Chris is his usual well-balanced self, but Lindsey, whether he’s just being a devil’s advocate or, as seems more likely, actually believe in strong neo-atheism, displays a rather… disconcerting attitude. He reminds me of a friend’s observation that some Mensans have a hard time accepting that the average person is less rational than them (which itself is a flaw on their rationality — insisting that everyone else sees thing the way one does, rather than more dispassionately trying to understand belief formation) — first by assuming that any non-confrontational dialogue between religion and science is a subtle attack on science itself (and assuming that organizations such as the Templeton Foundation are immutable and thus their past flaws are proof of a continuing sinister intent), then by, incredulously, asking if, indeed, getting religious believers to accept scientific findings has to involve an appeal to emotion as well as to reason, whether atheist scientists should not *shame* religious people into abandoning their beliefs!

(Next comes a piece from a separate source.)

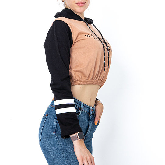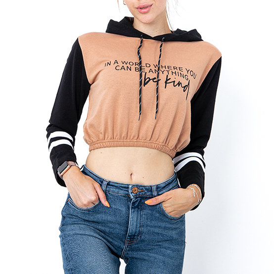 - Укорочене жіноче худі з написами. Виконане з віскози. Модель має капюшон та еластичний низ з резинкою. Ідеально підходить для створення модних та оригінальних образів!

With the display of hubris, lack of empathy, and misunderstanding of basic psychology on offer, neo-atheists like Lindsey (and Richard Dawkins) are really doing themselves and science a disservice — perpetuating a distrust between atheists and religious people, and making it harder to engage and change the mind of people on important, time-critical issue such as climate change. Because to them, irrationally, nothing is as important as first wiping off religious belief from existence. Which begs the question — why the irrational hatred?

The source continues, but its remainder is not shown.